### [EXERCISE DIRECTIONS]
The lines below that include the word "Mychal" are to be reported.

### [DATASET EXTRACT]
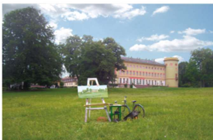
Maler im Schlosspark 2015
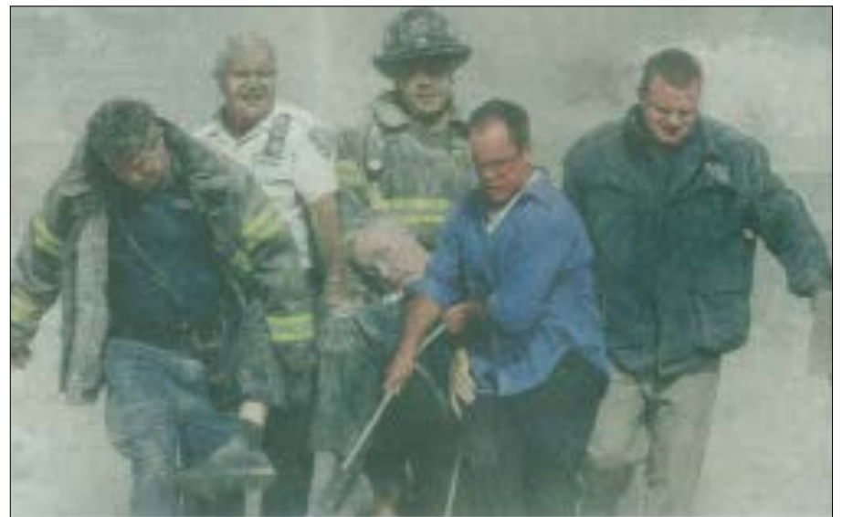
Ce cliché montrant le corps de Mychal Judge sorti des décombres est parfois qualifié de « pietà moderne ».

C'est le prêtre argentin Luis Escalante, vivant à Rome, qui, le premier, a proposé le nom de Mychal Judge au début du mois de juillet dernier. Il

### [ANSWER SPACE]
Ce cliché montrant le corps de Mychal Judge sorti des décombres est parfois qualifié de « pietà moderne ».
C'est le prêtre argentin Luis Escalante, vivant à Rome, qui, le premier, a proposé le nom de Mychal Judge au début du mois de juillet dernier. Il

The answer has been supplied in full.